From Kuwait to China

The tragic story of Joanna Daniela Demafelis makes the blood boil. The young woman traveled to Kuwait in 2014 to help her family at home make ends meet. With her earnings as a domestic helper, she promised to repair the family house and send her younger siblings to school. For the first three months, according to her folks, Demafelis was in constant contact with them; in 2016, she told her parents she intended to renew her contract for another year.

And then word from her grew sparse, until all communications stopped. In February 2017 the family sought the help of the Overseas Workers Welfare Administration to find out what had happened to her. The local recruitment agency that sent Demafelis to Kuwait proved to be of no help during the search because it had since closed down.

Last week, the Demafelis family’s long and frantic search ended with the heartrending news that their daughter had been found dead, her body stuffed in a freezer in an abandoned apartment in the Al Shaab area of Kuwait. While Kuwaiti authorities have yet to officially rule on the cause of death, initial investigation reportedly indicates that Demafelis may have been strangled and tortured, and that her body had been kept in the freezer for over a year.

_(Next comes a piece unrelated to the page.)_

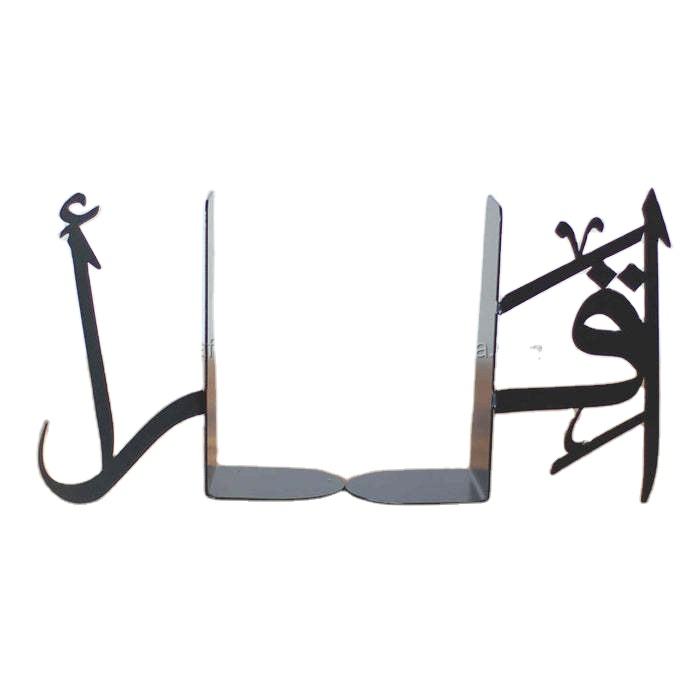 คุณภาพสูงตกแต่งอิสลาม Wall Art อัลลอฮ์มุฮัมมัดหนังสือสิ้นสุด Home Office ชั้นวางตัวอักษรอิสลาม Bookends โลหะ
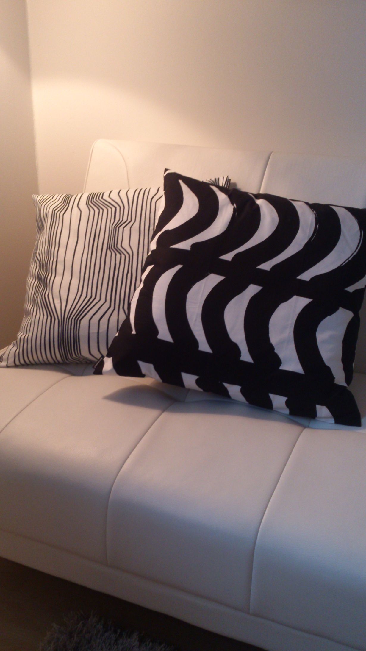 Nämä Marimekon tyynyt ovat löytäneet paikkansa vierashuoneemme sohvalta. Koko huonetta kantaa mustavalkoinen teema.

Demafelis’ employer, Nader Essam Assaf, is missing and is said to have hightailed it back to his native Lebanon, along with his wife. On top of his suspected involvement in Demafelis’ death, Assaf is also wanted for cases related to falsified checks.

Demafelis would have turned 30 in June.

So prevalent have been reports of maltreatment of overseas Filipino workers coming out of Kuwait that in January, on orders of President Duterte, the Department of Labor and Employment suspended OFW deployment to that country. On top of Demafelis’ gruesome case, seven more deaths of Filipino workers are being investigated by the labor department. Mr. Duterte himself, at a media briefing in Davao, said as many as 120 Filipinos died in Kuwait last year. Given that, according to Undersecretary Sarah Lou Arriola of the Department of Foreign Affairs, 260,000 Filipinos are working in Kuwait, 170,000 of them as domestic workers, the incidences of abuse and mistreatment among their ranks are probably more widespread than official reports suggest.

The labor department says it is finalizing the order imposing a total ban on the deployment of domestic workers to Kuwait, while a first batch of 800 are being repatriated back home. The President has also met with Kuwaiti Ambassador Saleh Ahmad Althwaikh to express the Philippine government’s grave concern at what Mr. Duterte has called “the inhuman treatment” of Filipino workers in Kuwait.

The Philippines’ labor export policy has spawned such problems as the brutal treatment of OFWs in certain countries. Many an OFW dreaming of a better life for family members left behind has come home in a box, and heartbreaking scenes at the airport have become commonplace. Then there are the social costs, in which a generation of children has grown up beyond a mother’s embrace. But if a total ban is enforced and Kuwait is eventually emptied of its hundreds of thousands of OFWs at the end of their contracts, where will these workers go?

The government says it is looking at deploying them to another country: China. Apparently, the President’s fulsome embrace of the Philippines’ giant neighbor extends beyond paying obeisance to Beijing in exchange for promised aid and looking the other way while it gobbles up Philippine territory in the South China Sea. Malacañang is also now considering China—which has never been a top destination for Filipino labor—as an alternative market for OFWs displaced from the Middle East.

Is this a well-thought-out policy, let alone a safe option, at a time when relations between the peoples of the two countries may be particularly sensitive given the ongoing territory dispute? How carefully has this policy pivot been considered? Labor Secretary Silvestre Bello says a bilateral agreement with China is being worked out covering the possible deployment of Filipino workers to that country. The public needs to be able to look closely at this promised accord before OFW families can feel any sense of assurance that China—as much, if not more, an authoritarian country as Kuwait—will be a safer, more welcoming workplace for them.